→ Problem to work on
Keeping pictures out, repeat the lines of the listing below exactly, starting at its first line and finishing with the one that holds "Το στρώμα στηρίζεται".

[Dataset extract — start]

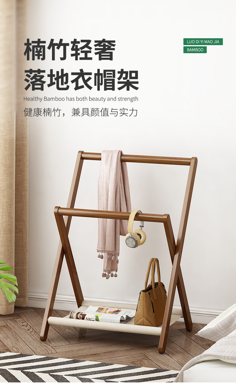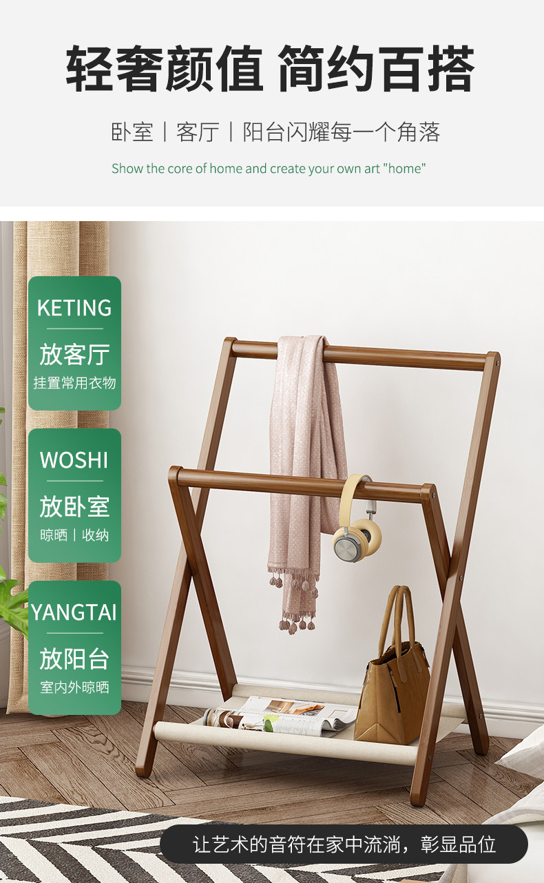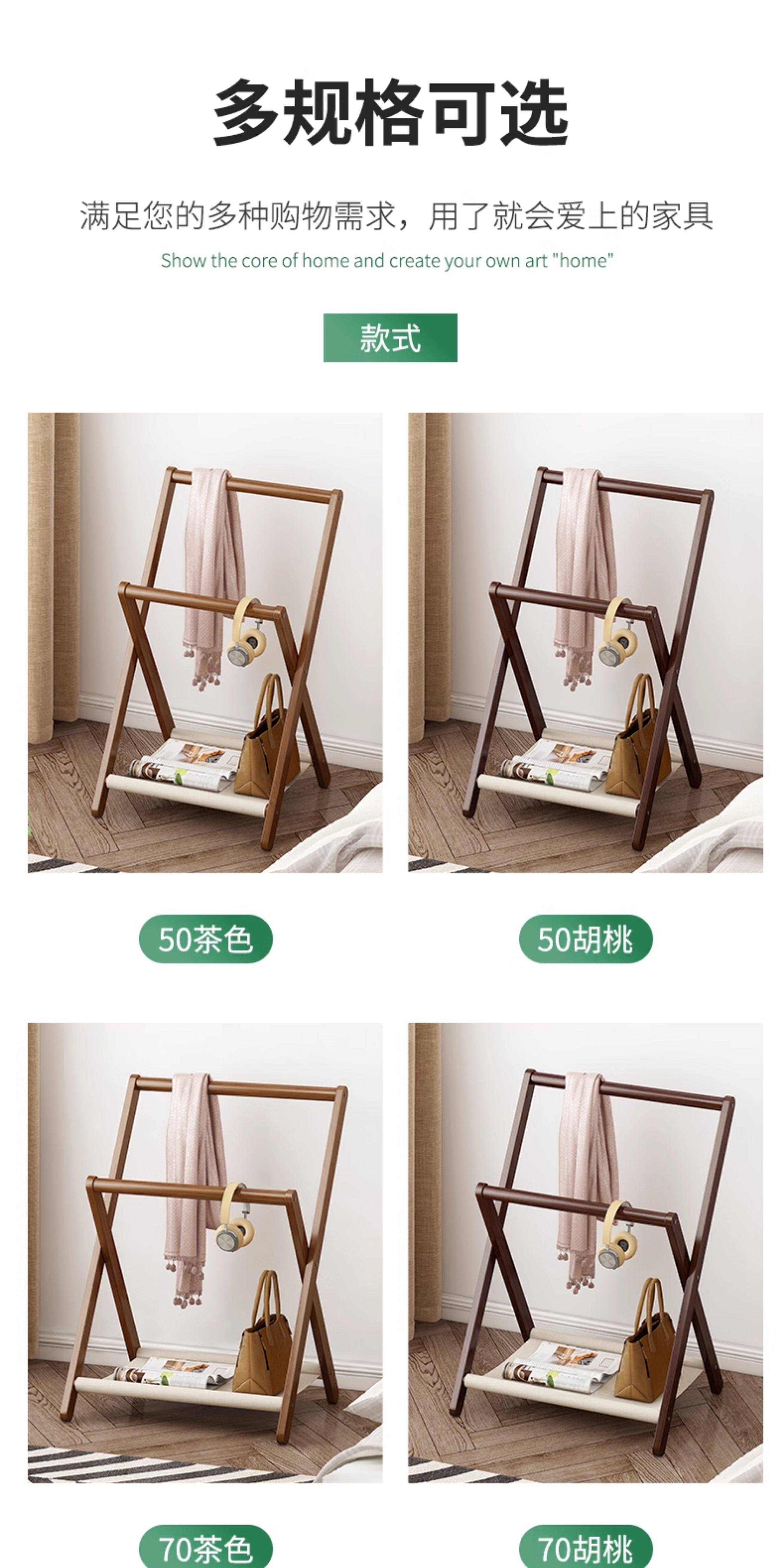 床头衣帽架落地小实木卧室晚上睡觉临时搭衣裤收纳北欧挂衣架家用
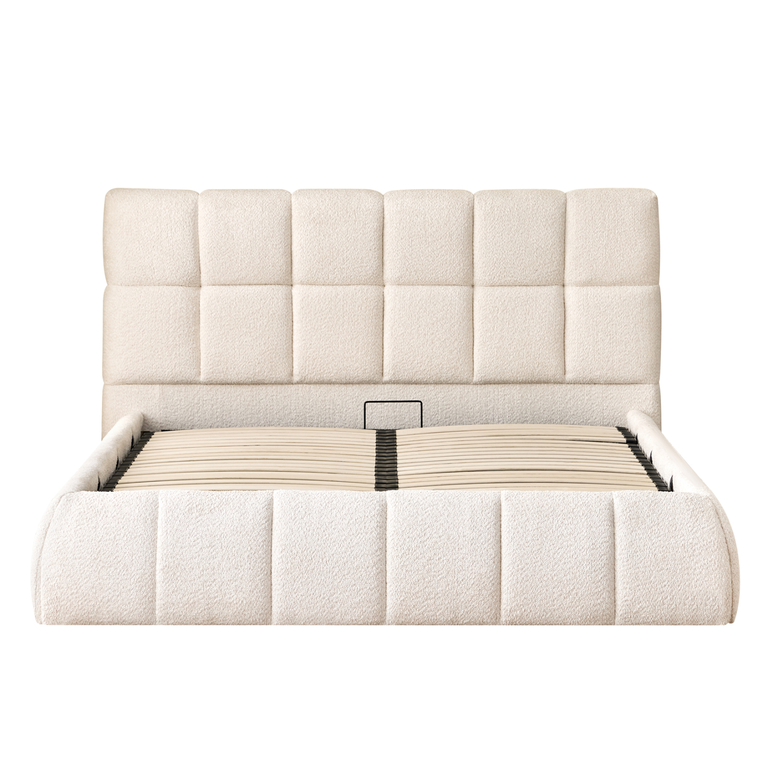 Το στρώμα στηρίζεται σε 20 σειρές εργονομικές τάβλες στήριξης, οι οποίες τοποθετούνται σε ένα μεταλλικό πλαίσιο που ανασηκώνεται με μηχανισμό ασφαλείας, προσφέροντας έναν μεγάλο αποθηκευτικό χώρο επενδυμένο επίσης με ύφασμα. Μια μοντέρνα πρόταση που θα ανανεώσει το υπνοδωμάτιό σας.
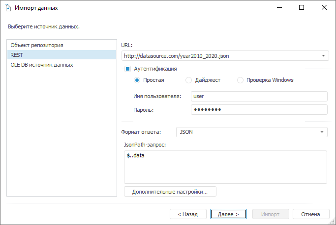В поле «URL» укажите адрес REST-сервиса, который предоставляет данные (в текущей реализации поддерживается подключение к REST-сервисам, предоставляющим данные в форматах JSON и XML). Если для подключения к REST-сервису требуется аутентификация пользователя, то установите флажок «Аутентификация» и выберите метод проверки пользователя. В полях «Имя пользователя» и «Пароль» укажите учетные данные пользователя. Указанные параметры будут переданы в ядро, обработаны необходимым образом и использованы при подключении к REST-сервису.
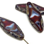 Perles tchèques navettes, ovales, verre pressé, divers tons bordeaux, bleu, gris, noir, vert, 25 x 10 mm, vendue par lot de 2 ou 4
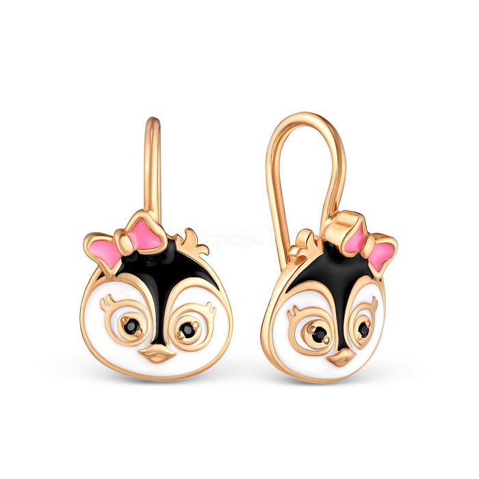 Серьги детские из золочёного серебра с эмалью и фианитами - Пингвины
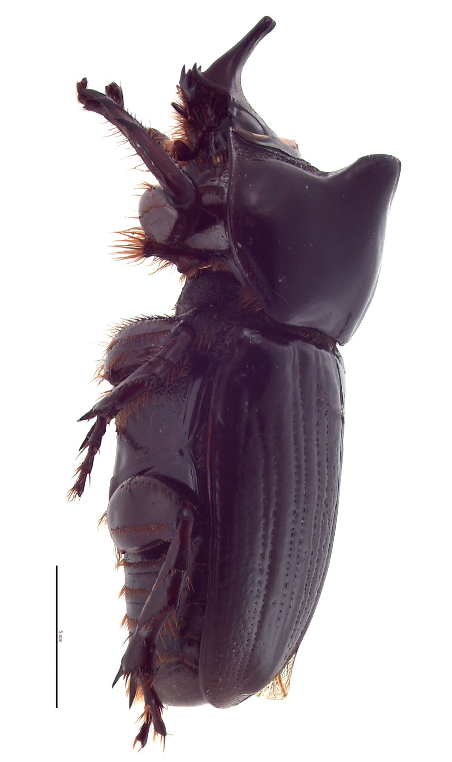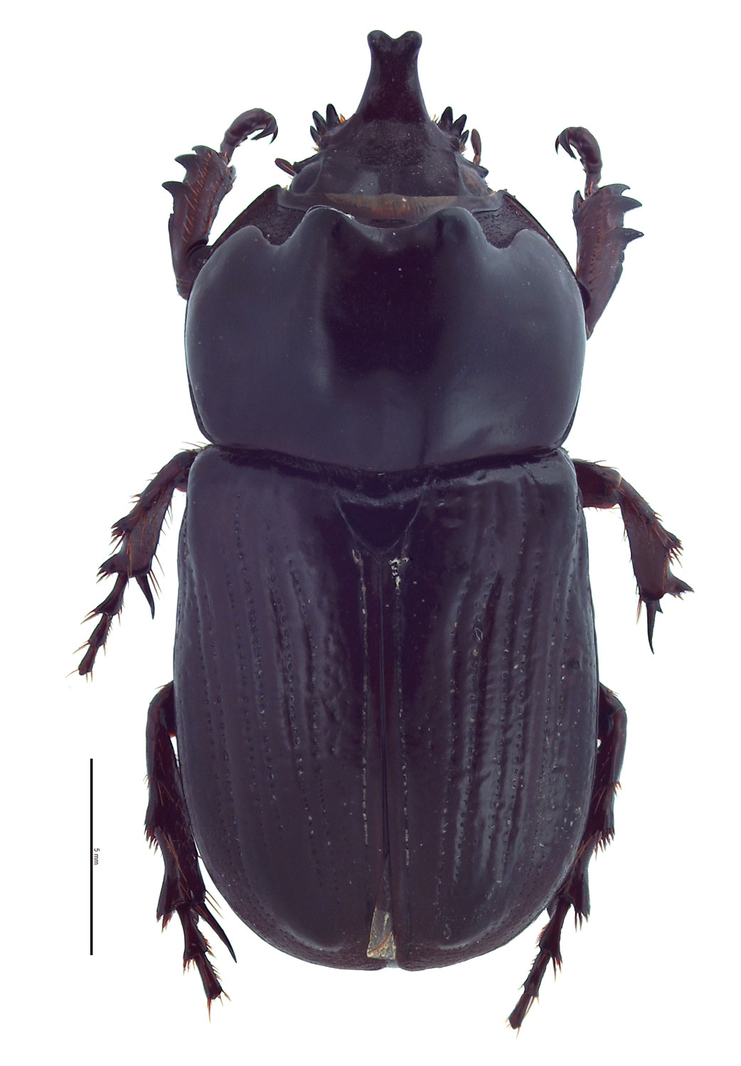 Papuana is a genus of medium-sized scarab beetles that are armed with horns or tubercles. All species are shiny black and have an elongated, oval body shape. Total body length ranges between 15.0–30.0 mm (0.59–1.18 in). The apexapex:

[Dataset extract — finish]

→ Solved problem
 床头衣帽架落地小实木卧室晚上睡觉临时搭衣裤收纳北欧挂衣架家用
 Το στρώμα στηρίζεται σε 20 σειρές εργονομικές τάβλες στήριξης, οι οποίες τοποθετούνται σε ένα μεταλλικό πλαίσιο που ανασηκώνεται με μηχανισμό ασφαλείας, προσφέροντας έναν μεγάλο αποθηκευτικό χώρο επενδυμένο επίσης με ύφασμα. Μια μοντέρνα πρόταση που θα ανανεώσει το υπνοδωμάτιό σας.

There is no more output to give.